DATA 612 | Project 5

Implementing a Recommender System on Spark

The goal of this project is give you practice beginning to work with a distributed recommender system. It is sufficient for this assignment to build out your application on a single node

Source: For this project I’ll use the Jester joke dataset I used for project 4. It has the highest density of the example datasets I was able to find online: http://eigentaste.berkeley.edu/dataset/

# Import 5K x 100 realRatingMatrix of jokes 
data(Jester5k)

# Summary of ratings per user
summary(rowCounts(Jester5k))
##    Min. 1st Qu.  Median    Mean 3rd Qu.    Max. 
##    36.0    53.0    72.0    72.4   100.0   100.0

# Matrix size
dim(Jester5k)
## [1] 5000  100

# Number of ratings
nratings(Jester5k)
## [1] 362106

Spark

# Set up Spark environment
# Sys.setenv(JAVA_HOME = "C:/PROGRA~2/Java/jre1.8.0_211")

# Establish connection
sc <- spark_connect(master = "local")

This was an iterative process.

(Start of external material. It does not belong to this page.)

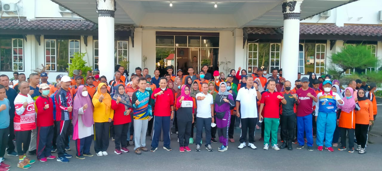 Sungailiat| Jejakriminal.com- Di Halaman Kantor Pemkab Bangka Kecamatan Sungailiat kabupaten Bangka Provinsi Kepulauan Bangka Belitung Pada Hari Jum’at Pagi (08/07/2022). Dalam Kegiatan Senam Pagi Dan Memberi Bantuan Bingkisan Kepada Pekerja Petugas kebersihan Ini Tersebut Dan Di Hadiri Bupati Bangka, Ibu Ketua PKK kabupaten Bangka, Sekda Kabupaten Bangka, Aisten 1 Pemkab Bangka, Aisten 2 Pemkab Bangka, Aisten 3 Pemkab Bangka, Dan Seluruh OPD Pemkab Bangka, Prosonil Pekerja Petugas kebersihan.

I found out the hard way that Spark needs the DF columns to be numeric, so I’m forcing them to as.numeric in this step:

jester.df <- as(Jester5k, 'data.frame')

jester.df$user <- as.numeric(jester.df$user)
jester.df$item <- as.numeric(jester.df$item)

# And then copying it over to Spark:
spark_jester_df <- sdf_copy_to(sc, jester.df, "spark_jester_df", overwrite = T)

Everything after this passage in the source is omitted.